Procurar analogias é um procedimento fácil. Nós simplesmente perguntamos ao sonhador: “Como é esse
cão, essa cena, essa aflição?” E ouvimos: É como um som repentino, que nos faz saltar com medo; é como
vir até aqui, esperando que você desvende tudo o que eu estou dizendo; é como a raiva – às vezes eu fico
tão raivoso (ou faminto) que eu poderia arrebentar com qualquer um que se aproxime de mim; é como a
minha úlcera, que fica raivosa e faminta ao mesmo tempo; é como a cara da minha mãe, os dentes dela;
é como voltar para casa após o trabalho, já depois de escurecer, e temer que minha mulher vá latir, e
pular sobre mim; é como morrer – tenho tanto medo! – a morte é tão nefasta, tão baixa, tão degradante;
é como um filme que assisti quando pequeno, que exibia cães pretos, e tive que deixar a sala por causa
do medo que senti; é como o deus chacal, Anubis; é como Mefistófeles no Fausto; como eu mesmo,
quando sinto tesão – quero simplesmente abocanhar a carne e foder como um cão nas ruas, em qualquer
lugar; é como se o cão fosse uma serpente de cauda longa. E assim por diante.
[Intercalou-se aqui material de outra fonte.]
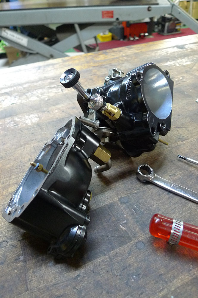 45からお知らせなど S&Sキャブを黒く引き締める! 2014/06/13 Dr.マサ 前回の記事に登場したショベルですが、早速追加のカスタム。 カスタムするのは、ここ(と、他にもまだありますが・・) 取り外しまして。 これから分解されたし。 なんと、黒くなりました。キャブレターを黒くペイントしました。 10年以上前から純正CVキャブには塗装してきましたが、同じノリをS&Sにも。 そうすることで・・?? こちらがビフォーですね。 こちらがアフターです。 黒いファンネルとの一体感が生まれて良い感じですね♪♪♪

Aqui vislumbramos a principal diferença entre buscar analogias e interpretar. Se tomássemos
qualquer uma das analogias acima como o significado da imagem, perderíamos as demais. Teríamos
restringido a imagem a somente uma instância de importância. As analogias são múltiplas e não eliminam
as demais; também não eliminam o cachorro. Elas preservam a imagem viva, retornando a ela a cada vez
para nela encontrar sentidos inéditos. A interpretação a transforma em um significado.
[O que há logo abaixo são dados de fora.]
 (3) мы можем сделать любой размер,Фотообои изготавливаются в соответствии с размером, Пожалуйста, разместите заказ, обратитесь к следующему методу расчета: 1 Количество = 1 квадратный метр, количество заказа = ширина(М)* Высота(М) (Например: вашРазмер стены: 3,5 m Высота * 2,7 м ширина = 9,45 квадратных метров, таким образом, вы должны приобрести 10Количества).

A analogização é como a minha fantasia Zen, na qual o sonho é o professor. Cada vez que você
diz o que a imagem significa, você leva um tapa na cara. O sonho torna-se um Koan quando o abordamos
por meio da analogia. Se você literalizar um sentido, “interpretar” um sonho, você perde o fio da meada,
você perde seu Koan. (Pois o sonho é a coisa, e não o que ele significa). E aí precisa de um tapa para trazê-
lo de volta à imagem. Uma boa análise do sonho é aquela em que se toma mais e mais tapas, mais e mais
analogias; o sonho expondo-lhe todo o seu inconsciente, a matéria básica de sua vida psíquica.
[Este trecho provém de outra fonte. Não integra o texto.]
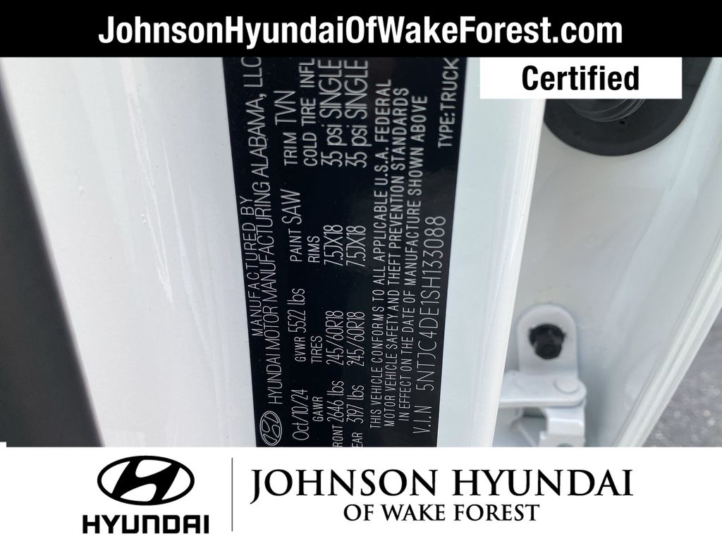 CARFAX CERTIFIED ONE OWNER - NO ACCIDENTS, CARFAX CERTIFIED ONE OWNER, Hyundai Certified Used Vehicles Certified, 18" x 7.5J Alloy Wheels, 4-Wheel Disc Brakes, 4.081 Axle Ratio, 6 Speakers, ABS brakes, Air Conditioning, Alloy wheels, AM/FM radio: SiriusXM, Apple CarPlay & Android Auto, Auto High-beam Headlights, Auto-leveling suspension, Automatic temperature control, Bed Cargo Net, Brake assist, Bumpers: body-color, Cargo Net, Carpeted Floor Mats, Compass, Delay-off headlights, Driver door bin, Driver vanity mirror, Dual front impact airbags, Dual front side impact airbags, Electronic Stability Control, Emergency communication system: Bluelink+, Exterior Parking Camera Rear, First Aid Kit, Four wheel independent suspension, Front anti-roll bar, Front Bucket Seats, Front Center Armrest, Front dual zone A/C, Front reading lights, Fully automatic headlights, H-Tex Leatherette Seat Trim, Heated door mirrors, Heated Front Bucket Seats, Heated front seats, Illuminated entry, Low tire pressure warning, Occupant sensing airbag, Option Group 01, Outside temperature display, Overhead airbag, Overhead console, Panic alarm, Passenger door bin, Passenger vanity mirror, Power door mirrors, Power driver seat, Power moonroof, Power steering, Power windows, Radio data system, Radio: AM/FM/HD Audio System, Rear anti-roll bar, Rear reading lights, Rear seat center armrest, Rear side impact airbag, Rear step bumper, Rear window defroster, Remote keyless entry, Roadside Assistance Kit, Security system, Speed control, Speed-sensing steering, Split folding rear seat, Spoiler, Steering wheel mounted audio controls, Tachometer, Telescoping steering wheel, Tilt steering wheel, Traction control, Trip computer, Turn signal indicator mirrors, Variably intermittent wipers, Wheel Locks.

O Contestador: “Vejo que você está a dizer que mais é melhor. Quanto mais puder dizer sobre o
cão, melhor, e maior a certeza de que não sabe o que ele significa! Isso te leva a todos os lugares. E eu
não vejo a diferença entre o método freudiano de associar tudo pela memória, e o método jungiano de
amplificar tudo pela história e cultura. Ambos têm por efeito a perda da imagem – precisamente o que
queremos preservar.
“Ademais, analogizar parece-me pouco prático. Na terapia nós precisamos ir aonde o problema
realmente reside, à essência. Certamente duas ou três analogias serão mais relevantes para o problema
do paciente do que os dentes de sua mãe, ou, sei lá, o Mefistófeles de Goethe. Não há hierarquia de
analogias? Elas são todas igualmente boas? Não seria o caso de dizer que, na terapia, a analogia depende
daquela experiência de “A-há!”, daquele “sinal” do paciente, que nos diz quando devemos parar, quando
chegamos ao ponto?”
Saber quando e onde parar, como disseram tanto David Miller quanto Howard McConeghey, é o
segredo de toda arte. Essa é uma noção quase animal do essencial – não apenas atávica, ou dada, mas
uma habilidade refinada pela prática com as imagens. Mas não se trata desse maldito “sinal” mágico! Eis
uma das Grandes Ilusões da terapia – lhe direi porque em um próximo artigo.